### Supplied entries:
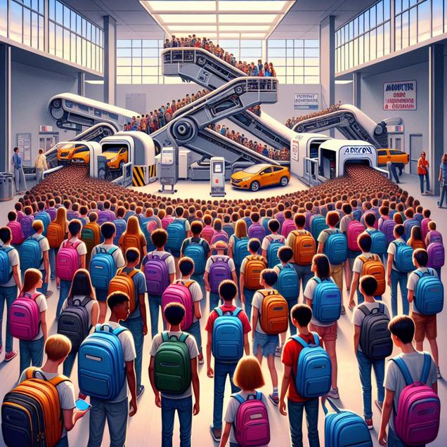 ChatGPT: Prompt: In a futuristic school hallway, a crowd of 11th graders stand with their high-tech backpacks, each struggling with malfunctioning zippers. Automated conveyor belt operators from Arizona attempt to maintain order, but they are overwhelmed by the sheer volume. Backpacks are getting stuck in the system, leading to a chaotic jam and frustrated students unable to carry their burdens.
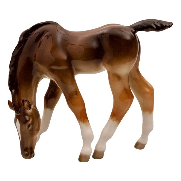 Стройный, словно молодое деревце, живой и трогательный жеребёнок. Интересно, что его ноги несколько удлинены относительно размеров туловища. Это говорит о том, что мастер не просто следует природе, а, осмысляя её, создает нужный ему образ, усиливая одни черты и отсекая другие – он видоизменяет натуру, где-то обобщая, а где-то наоборот, намеренно выделяя деталь, чтобы сконцентрировать на ней внимание зрителя.
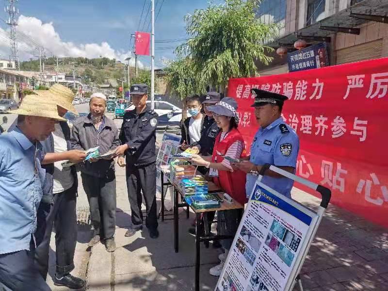 满坪镇综治办联合派出所于赶集日当前宣传相关法律法规
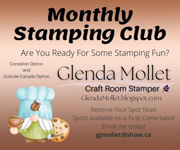 If you live outside Canada, you can also participate.  You pay for the tutorials each month, and will get an invitation to stamp with us for the Virtual class. There will be Thank You gifts every time you reach 6 consecutive months.  With the changes I am implementing in September, the club cards will be the same as the
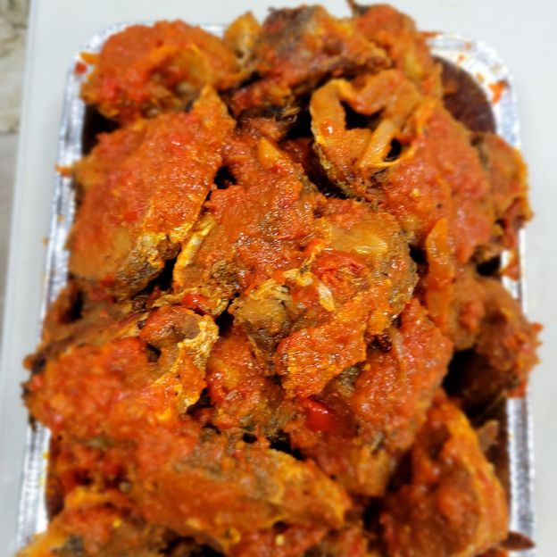 Ofade Sauce special is prepared with red bell pepper, onion, iru, and crayfish, egg with assorted fried meat diced. Serve with Ofada rice or White Rice and Beans.

### Goal of the exercise:
Pictures must not appear in the copy, and every record must be restated word for word.

### Output below:
 ChatGPT: Prompt: In a futuristic school hallway, a crowd of 11th graders stand with their high-tech backpacks, each struggling with malfunctioning zippers. Automated conveyor belt operators from Arizona attempt to maintain order, but they are overwhelmed by the sheer volume. Backpacks are getting stuck in the system, leading to a chaotic jam and frustrated students unable to carry their burdens.
 Стройный, словно молодое деревце, живой и трогательный жеребёнок. Интересно, что его ноги несколько удлинены относительно размеров туловища. Это говорит о том, что мастер не просто следует природе, а, осмысляя её, создает нужный ему образ, усиливая одни черты и отсекая другие – он видоизменяет натуру, где-то обобщая, а где-то наоборот, намеренно выделяя деталь, чтобы сконцентрировать на ней внимание зрителя.
 满坪镇综治办联合派出所于赶集日当前宣传相关法律法规
 If you live outside Canada, you can also participate.  You pay for the tutorials each month, and will get an invitation to stamp with us for the Virtual class. There will be Thank You gifts every time you reach 6 consecutive months.  With the changes I am implementing in September, the club cards will be the same as the
 Ofade Sauce special is prepared with red bell pepper, onion, iru, and crayfish, egg with assorted fried meat diced. Serve with Ofada rice or White Rice and Beans.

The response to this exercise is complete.